Kate Shackletons erster Fall
Bellis-Perennisvor 3 Monaten

Kate Shackleton hat ein, aus der Not geborenes Hobby: Sie forscht nach vermissten Soldaten des Ersten Weltkriegs, ist sie ja selbst betroffen. Ihr Mann gilt als vermisst und so fragt sie hartnäckig bei allen möglichen Behörden nach dessen Verbleib. Daraus ist ein semi-professionelles Detektivbüro geworden. 

Nun wird sie von Tabitha „Tabby“ Braithwaite, einer Freundin und ehemaligen Kollegin im VAD gebeten, deren seit rund 6 Jahren verschwundenen Vater zu suchen. Die Zeit drängt, weil Tabbys Hochzeitstermin feststeht. Die Ermittlungen führen Kate nach Bridgestead in Yorkshire, einem kleinen Dorf, der 1920er Jahre. Dort lebte und leitete der Vermisste eine Weberei. Je mehr Kate über dessen Verschwinden herausfindet, desto mysteriöser und verworrener wird die ganze Angelegenheit. Ist Tabbys Vater wirklich tot? Oder hat er sich aus dem Staub gemacht, um mit seiner Zweitfamilie ein neues Leben zu beginnen? Dann sterben plötzlich zwei Menschen, deren Informationen Kates Ermittlungen gewaltig weiterbringen. Das kann doch kein Zufall sein!  

Meine Meinung: 

Mir hat dieser Krimi sehr gut gefallen. Er ist weder blutig noch reißerisch, dafür spiegelt er das Leben einer Fabrikantenfamilie wieder.

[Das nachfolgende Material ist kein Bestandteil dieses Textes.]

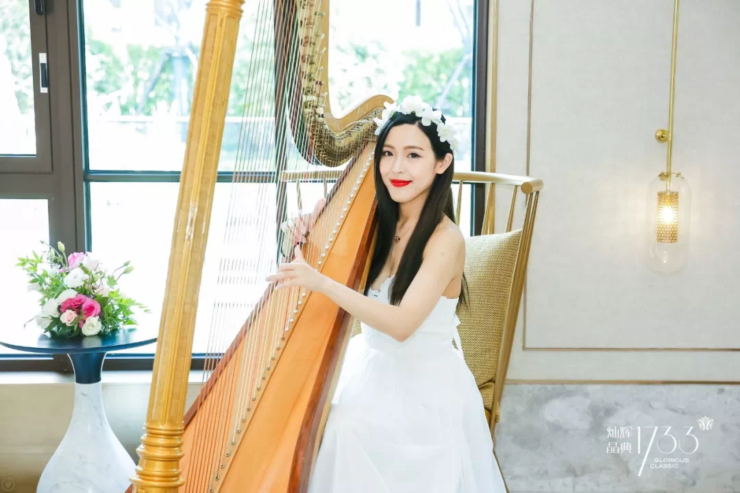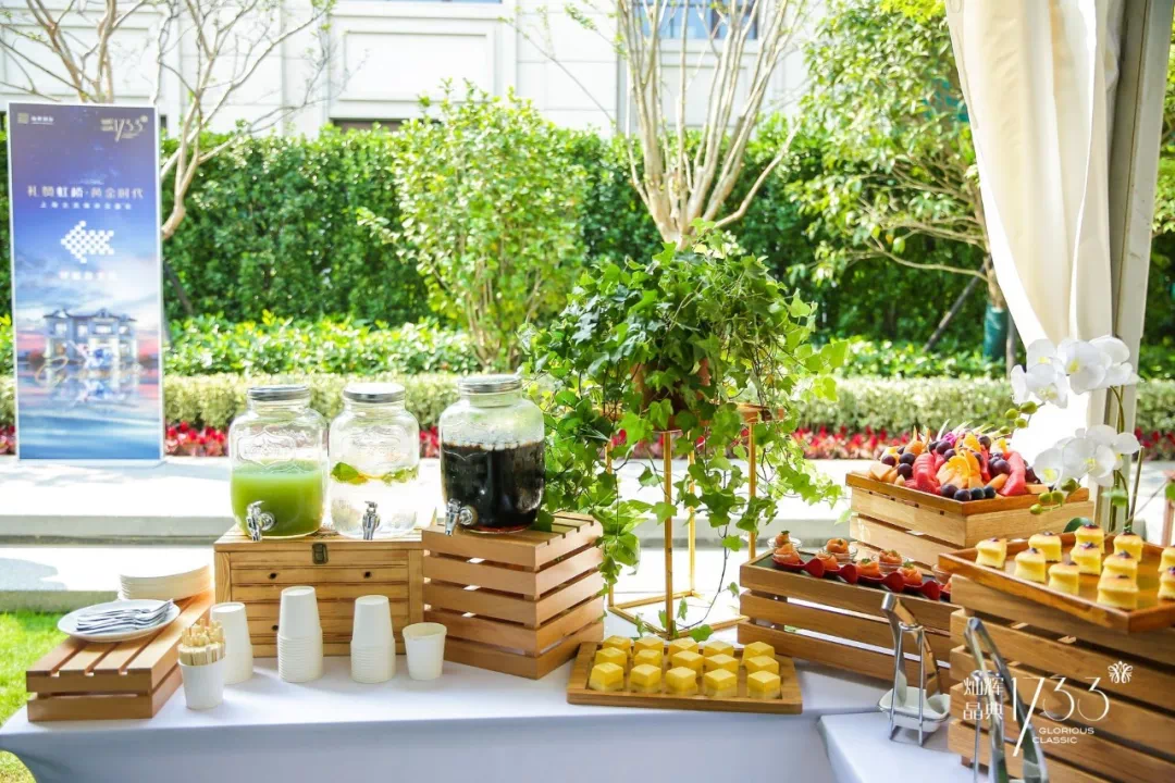 营销中心处,特别安排竖琴演奏礼遇各位来宾。浓荫的草坪广场处摆放了各式各样精美的美食、茶点,供来往宾客食用。

Kate Shackleton ist eine sympathische, toughe Figur, die sich nicht ins Bockshorn jagen lässt. Auch ihr Assistent Syke wird gesetzt und bodenständig. Er hat das Gespür für die Arbeiter aus der Weberei und erhält bei einem Pint zahlreiche Informationen. Die Autorin „verbraucht“ eine Menge „Personal“ in ihrem Krimi. Nicht alle erscheinen, um zu bleiben. 

Der Beginn ist ein wenig zäh. Den hätte ich mir ein wenig lebendiger gewünscht.  

Gut gefallen haben mir die Rückblenden auf die Schlachtfelder des Ersten Weltkrieges und die Arbeit von Kate und Tabby als VAD-Krankenschwestern. Nebenbei erfahren wir von den gesellschaftlichen Verpflichtungen der britischen Oberschicht. 

Ein Highlight für mich sind die aus der Weberei-Branche entnommenen Kapitelüberschriften. Die machen den Krimi so richtig authentisch.

Fazit:

„Mord nach Strich und Faden“ ist ein gemütlicher Krimi, der sich gut lesen lässt und einen interessanten Einblick in die Welt der Tucherzeugung gibt. Gerne gebe ich 4 Sterne.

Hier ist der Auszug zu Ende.